Arguably that's about 30 too many and really the root of this whole mess. Imho
Postel, for all the good he did, in retrospect mismanaged DNS by not
establising really any structure or policy, in a way that feels now bit
naive/idealistic (and US-centric).

By the time ICANN took over dot-com bubble was already knocking at the door
and laissez faire anything goes attitude of DNS pretty well cemented, so any
drastic changes would have been difficult to accomplish.

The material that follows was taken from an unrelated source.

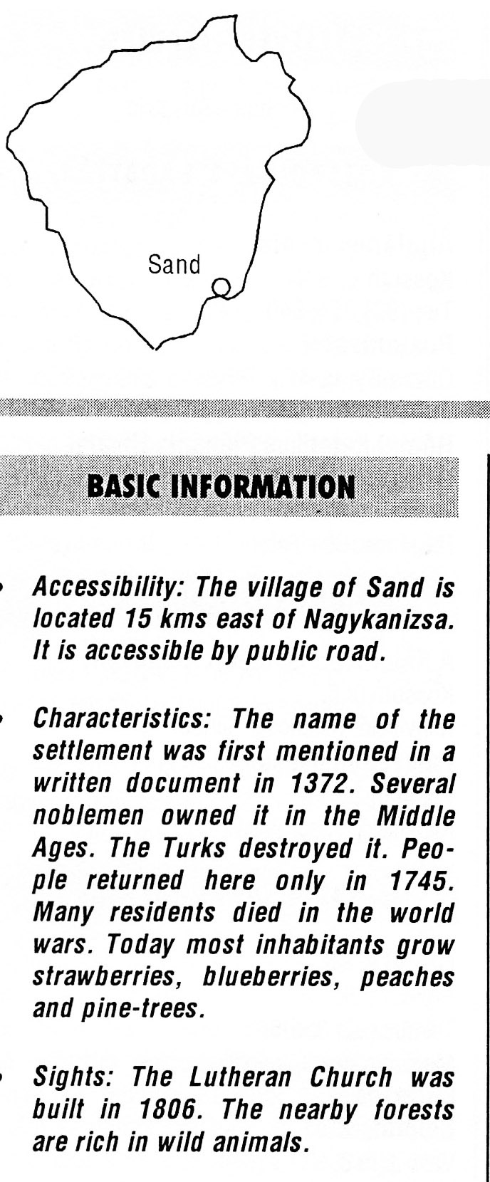 Nyilvános 2320 | 7552 | Sand | BASIC INFORMATION Accessibility: The village of Sand is located 15 kms east of Nagykanizsa. It is accessible by public road. Characteristics: The name of the settlement was first mentioned in a written document in 1372. Several noblemen owned it in the Middle Ages. The Turks destroyed it. People returned here only in 1745. Many residents died in the world wars. Today most inhabitants grow strawberries, blueberries, peaches and pine-trees. Sights: The Lutheran Church was built in 1806. The nearby forests are rich in wild animals. This text came from the following book: Title: Handbook of Zala county (Zala megye kézikönyve) Series: County handbooks of Hungary (Magyarország megyei kézikönyvei) Chief editor: Hóbor József Publisher: (Hatvan), CEBA-Hungary Ltd, 1998 ETO: 908.439.121(035) ; 050.8(439.121) ISBN: 963-9089-18-2 Pages: 488-1040 p. Remark: Closed on: 1998. márc. 31. |
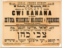 Grodno. Announcement of a lecture: "The Art of Eternal Youth and Beauty," by Cwi Kahan, 9/27/1919.

Essentially by leaving the legacy TLDs completely open and mostly without
restrictions or hierarchy/structure their meaning was eroded away, and if the
TLDs have no meaning then it's only logical to throw them away.

------
fanf2
One of my side projects is
[https://twitter.com/diffroot](https://twitter.com/diffroot) a twitter account
that publishes changes to the root zone (except for nameserver IP address
changes). Alongside that I have a couple of Twitter threads commenting on the
changes.

The relevant one is
[https://twitter.com/fanf/status/903709051606978560](https://twitter.com/fanf/status/903709051606978560)
my collection of dead .brand TLDs which is now 3 years old (tho I didn't keep
it very reliably the first year).

It's also amusing to see if you can spot a .brand TLD being used for real
services, where the brand is not an Internet company. The biggest one I know
of is SNCF.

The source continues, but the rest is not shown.